Debt & society, Real property & mortgages

Two trends in the housing crisis are intersecting in my practice:  we’re seeing more loan modifications, all the while we see more and more homeowners with whopping negative equity. The question I’m asking each client eager for a modification is “what do you expect for this property five years from now?”

Most loan modifications are simply tacking the arrears to the loan principal and lowering the interest rate for some time.  With a property already worth more than is owed, the arrearage gets capitalized, and the loan principal increases.

When the homeowner owes more than the property is worth, the only way that property can be sold or transfered is by short sale (if the lender agrees) or by foreclosure.  The homeowner is now chained to the property and any disposition of that property in the near future will involve either a protracted negotiation with the lender or a foreclosure and a further hit to the borrower’s credit report.

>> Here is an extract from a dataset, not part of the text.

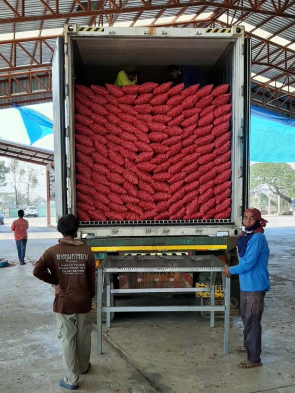 Bundle Shallot – After harvest, the farmer is removed from the plantation farm and dried with 14 days aging, then blow all the dirty and foreign object from the shallot. All shallot is trimming all root from the shallot then bundle its up

There are several moving parts in this problem:  how great is the deficit?  for how long will the property be appropriate for the client?  how does the mortgage payment in the modified loan compare to the cost of renting?  Each different combination of factors produces slightly different  analysis.

But the underlying issue remains:  the real property is not really an investment any longer, even with a modified loan.  It is a place to live presumably at a price you can afford today.  When it is no longer affordable or appropriate, you will have a property that is essentially unsaleable in the  conventional manner.

For many clients with loan modifications, we are just kicking the underlying problem down a road a ways.

What is obvious to me is that the

2 Comments

2 Responses

  1. [...] After the Loan Modification: The Underwater House [...]

  2. Manuel  •  August 5, 2010 @6:22 am

    Your observations of the ‘underwater’ real estate presents quite a dilemma for
    any would be underwater owner facing any kind of a distressful cirscumstance
    to their economic life.
    Thanks for your advise.
    I’m facing that dilemma now due to special assessments for repairs to my
    condo building.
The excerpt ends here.